Cyclantispa gracilis

Scientific classification
- Kingdom: Animalia
- Phylum: Arthropoda
- Clade: Pancrustacea
- Class: Insecta
- Order: Coleoptera
- Suborder: Polyphaga
- Infraorder: Cucujiformia
- Family: Chrysomelidae
- Genus: Cyclantispa
- Species: C. gracilis
- Binomial name: Cyclantispa gracilis (Baly, 1885)
- Synonyms: Homalispa gracilis Baly, 1885;

= Cyclantispa gracilis =

- Genus: Cyclantispa
- Species: gracilis
- Authority: (Baly, 1885)
- Synonyms: Homalispa gracilis Baly, 1885

Species of beetle

Cyclantispa gracilis is a species of beetle of the family Chrysomelidae.

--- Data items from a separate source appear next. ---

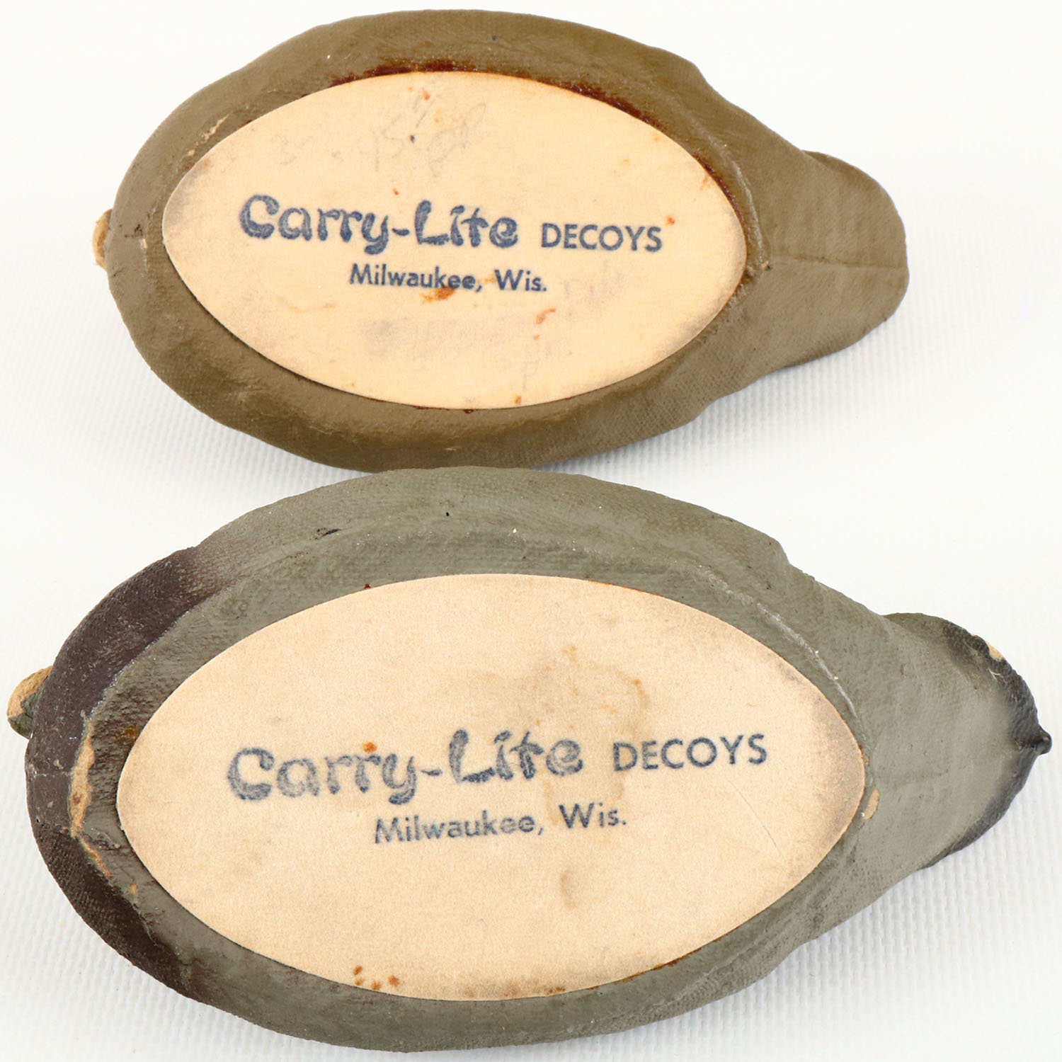 SALESMAN SAMPLE Pair of Mallards by Carry-Lite Decoys, Milwaukee, Wis., well marked, PE, paper mache', original paint shows light wear. Grade: Excellent - Value: 20 to 50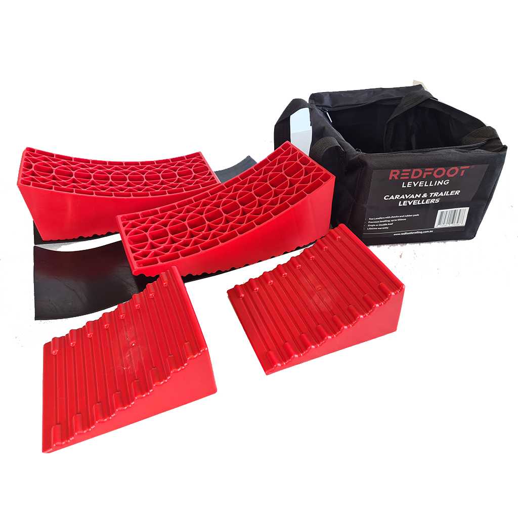 Redfoot Levelling Camper Levellers, Lifetime Warranty. When quality and performance matters while levelling your Caravan or Motorhome, the Redfoot Levelling Camper Levellers is your only choice you can rely on. With its compact size and huge load capacity makes it best solution for quick fast levelling. With its superior design and super strong, light weight construction the Redfoot Levelling Camper Levellers are the only levellers you will ever need. The Redfoot Camper Levellers suit our harshest environments and can resist dirt, dust, mud, oil and are easy to clean, just run under water and simply wipe down with a dry cloth. Backed with a Lifetime Warranty you will wonder why you didn’t buy one sooner.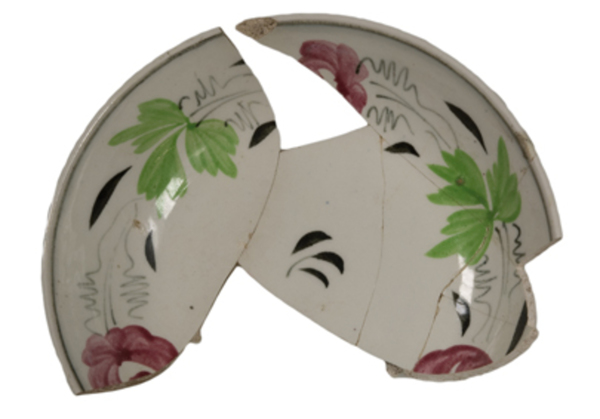 | 5c | inwendig: onder rand zwart filet, drie groepen van een groen blad, zwarte krullerige takken en bordeaux rode bloenm, her en der zijn zwarte blaadjes geschilderd (drieblad), op spiegel zwart drieblad inwendig: rood |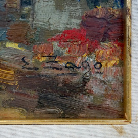 Lavandaie, olio su tavoletta, cm 27x37, firmato E.Zago, in cornice.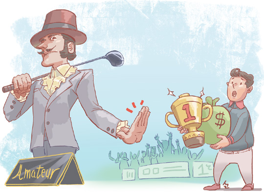 1913년 불과 스무 살의 나이로 당대 최고의 골퍼 영국의 해리 바든을 꺾고 US오픈에서 우승하면서 미국에 골프붐을 일으키며 국민적인 영웅이 된 프랜시스 위멧(1893∼1967)이나, 1930년 골프 역사에서 전무후무한 한 해 4대 메이저대회 석권이라는 그랜드슬램을 달성한 미국의 보비 존스(1902∼1971)가 엄청난 돈의 유혹을 끝까지 뿌리치고 죽을 때까지 아마추어 신분을 유지한 것도 이 때문이다.

It is found in Costa Rica and Panama.

==Description==
The antennae are half the length of the body, filiform and attenuated at the base and the apex. The thorax is transversely convex, the sides nearly straight, scarcely converging from the base to beyond the middle, then rounded and converging to the apex. The anterior angle is produced and obtuse and the apical margin is truncate. The disc is smooth and shining, impunctate and impressed at the base with a few distinct punctures. The elytra are oblong and regularly punctate-striate.

==Biology==
This species has been observed living in the closed youngest leaves of Cyclanthus bipartitus.